Implementation of RNN’s in Text Classification Tasks

Rahul Vamusani
Jun 16, 2018 · 4 min read

Why RNN’s are good for Text Classification ?

In case of text classification tasks the sequence information is important for interpreting the class of the text. This sequence information is captured by RNN’s. This results in more accurate classification of the text data.

There are many variations of RNN’s likely Many-One, Many-Many, bidirectional, In this case the aim is classify the input text into positive and negative class. So, set of Many-One LSTM units achieves the task as only one value needs to be outputted for determining the polarity of the review.

WorkFlow of RNN’s implementation on Text Data.

Various stages involved:

Stage 1 — Acquiring the data:

There is not much interesting happening at this stage. In this stage the data is present in the form of sentences, each sentence has its label positive(0) and negative(1). The data exists as follows:

Sample Dataset

Here the data column represents the review text of a movie and the label indicates whether the review is 0-positive or 1-negative. Here, It is to be noticed that the review is of arbitrary length. This data will be converted to equal length of sentence vectors in further stages.

Stage 2 — Building Sentence vectors :

This stage is the most important stage in the workflow. In this stage the Text data is converted to numerical sentence vectors. The data that is obtained in Stage 1 is passed to Stage 2. There are several steps in conversion of text to sentence vectors

Step -1: The data is being tokenized to set of words and each word occurrences in the whole text corpus is obtained as seen in the figure the frequency of each corresponding word is noted.

Step-2: The obtained word frequencies are ranked based on the number of occurrences. The word with highest number of occurrences is given highest rank and vice versa. Two words can have same rank, In this case the two different words are treated one and the same. A look up table is constructed based on the rank of each word. This lookup table is used in further stages of the workflow.

Step-3: In this step the sentence vectors are constructed for each of the review in the dataset, this vectors are constructed by referring the look up table for each word that is constructed in previous stage to obtain the rank. There is one point to note, each of the vectors are not same length.

Stage 3 — Building equal Length of Sentence Vectors:

In this stage the vectors are converted to same length by padding with zeros at the starting (pre-padding) to achieve equal length sentence vectors, this helps in better learning process.

Why not train different length sentence vectors?

In this case, the vectors are of different length.

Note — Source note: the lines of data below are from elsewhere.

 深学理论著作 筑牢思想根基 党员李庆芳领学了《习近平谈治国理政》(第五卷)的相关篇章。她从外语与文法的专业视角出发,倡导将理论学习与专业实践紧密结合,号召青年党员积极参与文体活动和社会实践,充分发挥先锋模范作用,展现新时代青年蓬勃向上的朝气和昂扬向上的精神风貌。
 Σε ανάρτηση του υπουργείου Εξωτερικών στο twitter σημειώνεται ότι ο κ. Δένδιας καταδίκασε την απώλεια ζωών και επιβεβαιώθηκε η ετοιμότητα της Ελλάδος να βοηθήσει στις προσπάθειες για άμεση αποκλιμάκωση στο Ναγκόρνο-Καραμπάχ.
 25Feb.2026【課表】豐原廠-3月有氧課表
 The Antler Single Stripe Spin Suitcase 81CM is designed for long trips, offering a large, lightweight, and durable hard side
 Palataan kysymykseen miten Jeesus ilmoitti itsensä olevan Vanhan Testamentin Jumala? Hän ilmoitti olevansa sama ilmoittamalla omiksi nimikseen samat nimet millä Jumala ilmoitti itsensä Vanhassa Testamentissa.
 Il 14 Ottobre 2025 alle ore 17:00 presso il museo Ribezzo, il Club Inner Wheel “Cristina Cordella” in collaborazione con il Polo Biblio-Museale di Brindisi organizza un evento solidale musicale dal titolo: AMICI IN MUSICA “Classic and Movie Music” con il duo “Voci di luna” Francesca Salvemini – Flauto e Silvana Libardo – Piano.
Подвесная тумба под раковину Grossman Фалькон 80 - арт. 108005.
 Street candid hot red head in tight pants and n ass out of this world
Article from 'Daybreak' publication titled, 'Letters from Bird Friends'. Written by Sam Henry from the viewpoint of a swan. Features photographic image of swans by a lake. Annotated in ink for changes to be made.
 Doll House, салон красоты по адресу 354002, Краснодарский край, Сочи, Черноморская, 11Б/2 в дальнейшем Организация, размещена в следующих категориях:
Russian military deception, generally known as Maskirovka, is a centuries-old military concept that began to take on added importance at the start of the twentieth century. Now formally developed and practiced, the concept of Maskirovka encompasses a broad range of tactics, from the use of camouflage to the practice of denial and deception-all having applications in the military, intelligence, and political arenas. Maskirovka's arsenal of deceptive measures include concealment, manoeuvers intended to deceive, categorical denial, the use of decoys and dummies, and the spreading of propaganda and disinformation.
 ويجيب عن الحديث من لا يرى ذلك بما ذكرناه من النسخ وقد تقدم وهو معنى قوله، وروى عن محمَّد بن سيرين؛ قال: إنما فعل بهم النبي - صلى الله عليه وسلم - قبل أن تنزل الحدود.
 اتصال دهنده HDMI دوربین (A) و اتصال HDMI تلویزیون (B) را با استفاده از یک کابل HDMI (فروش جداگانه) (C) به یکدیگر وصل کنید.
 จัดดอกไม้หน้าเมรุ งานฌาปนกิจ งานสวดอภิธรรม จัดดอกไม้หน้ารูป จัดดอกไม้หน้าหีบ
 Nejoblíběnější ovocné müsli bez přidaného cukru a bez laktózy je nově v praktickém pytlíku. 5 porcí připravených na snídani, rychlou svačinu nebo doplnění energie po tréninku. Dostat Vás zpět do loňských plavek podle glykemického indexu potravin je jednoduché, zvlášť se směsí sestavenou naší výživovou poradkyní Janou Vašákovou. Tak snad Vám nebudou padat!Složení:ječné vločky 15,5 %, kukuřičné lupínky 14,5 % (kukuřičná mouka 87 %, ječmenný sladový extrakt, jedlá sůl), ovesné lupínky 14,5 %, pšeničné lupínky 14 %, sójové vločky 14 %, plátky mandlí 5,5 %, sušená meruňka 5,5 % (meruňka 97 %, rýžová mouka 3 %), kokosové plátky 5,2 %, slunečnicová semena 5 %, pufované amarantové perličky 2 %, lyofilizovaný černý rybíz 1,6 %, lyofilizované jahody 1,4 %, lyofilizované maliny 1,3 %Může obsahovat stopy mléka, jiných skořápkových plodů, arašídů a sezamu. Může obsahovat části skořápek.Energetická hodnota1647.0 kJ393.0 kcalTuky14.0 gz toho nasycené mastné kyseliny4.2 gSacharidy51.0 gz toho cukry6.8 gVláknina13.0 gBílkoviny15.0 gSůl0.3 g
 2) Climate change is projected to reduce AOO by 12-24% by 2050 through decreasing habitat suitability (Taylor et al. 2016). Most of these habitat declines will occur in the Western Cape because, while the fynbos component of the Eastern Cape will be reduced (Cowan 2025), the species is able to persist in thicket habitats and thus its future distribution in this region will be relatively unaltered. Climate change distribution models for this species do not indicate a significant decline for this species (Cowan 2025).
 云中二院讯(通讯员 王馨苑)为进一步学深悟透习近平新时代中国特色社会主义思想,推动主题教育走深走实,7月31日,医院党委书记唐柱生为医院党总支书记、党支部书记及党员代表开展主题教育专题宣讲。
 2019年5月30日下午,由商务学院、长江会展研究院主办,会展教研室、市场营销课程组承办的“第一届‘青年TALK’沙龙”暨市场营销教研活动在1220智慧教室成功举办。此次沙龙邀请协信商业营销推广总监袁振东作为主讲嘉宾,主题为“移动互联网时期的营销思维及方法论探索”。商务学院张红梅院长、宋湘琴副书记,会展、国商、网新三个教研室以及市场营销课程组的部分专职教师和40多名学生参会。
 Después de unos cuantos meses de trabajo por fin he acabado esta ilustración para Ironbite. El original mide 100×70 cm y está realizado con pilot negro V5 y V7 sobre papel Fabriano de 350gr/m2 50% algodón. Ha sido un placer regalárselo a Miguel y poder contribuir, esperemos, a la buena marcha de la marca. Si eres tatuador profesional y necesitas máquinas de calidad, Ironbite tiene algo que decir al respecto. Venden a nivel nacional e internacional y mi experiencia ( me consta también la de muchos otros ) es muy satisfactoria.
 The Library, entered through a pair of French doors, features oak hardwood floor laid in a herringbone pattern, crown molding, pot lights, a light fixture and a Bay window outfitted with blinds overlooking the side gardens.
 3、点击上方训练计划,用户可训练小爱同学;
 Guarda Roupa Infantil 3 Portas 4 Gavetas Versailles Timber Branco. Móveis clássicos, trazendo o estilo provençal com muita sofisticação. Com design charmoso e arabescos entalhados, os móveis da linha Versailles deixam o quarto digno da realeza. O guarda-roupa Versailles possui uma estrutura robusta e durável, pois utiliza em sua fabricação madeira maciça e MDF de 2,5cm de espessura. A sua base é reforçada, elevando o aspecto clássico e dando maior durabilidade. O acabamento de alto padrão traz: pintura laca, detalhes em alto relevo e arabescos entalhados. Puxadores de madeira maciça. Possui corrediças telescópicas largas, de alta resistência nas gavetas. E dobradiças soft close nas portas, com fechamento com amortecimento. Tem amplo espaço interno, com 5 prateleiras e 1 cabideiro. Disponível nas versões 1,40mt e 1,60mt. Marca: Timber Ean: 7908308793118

This makes the process of Learning weights of arbitrary length difficult. This is a computational hack to speed up the learning process of LSTM recurrent networks.

Here equal length vectors of each sentence are obtained. These sentence vectors are passed to next stage.

Stage 4 — Converting the Sentence Vectors:

In this stage embedding layer is used to convert the sentence vectors matrix into embedded sentence vector matrix as follows:

(number of sentences * length of sentences) → (number of sentences * length of sentence * output dimension)

Here each word with single value in the sentence vector will be converted to a vector.

Why use embedding layers in case of Text data?

  1. Embedding layer is used to learn sentence vectors as the part of deep learning model itself.
  2. It also allows to load pre-trained word embedding model.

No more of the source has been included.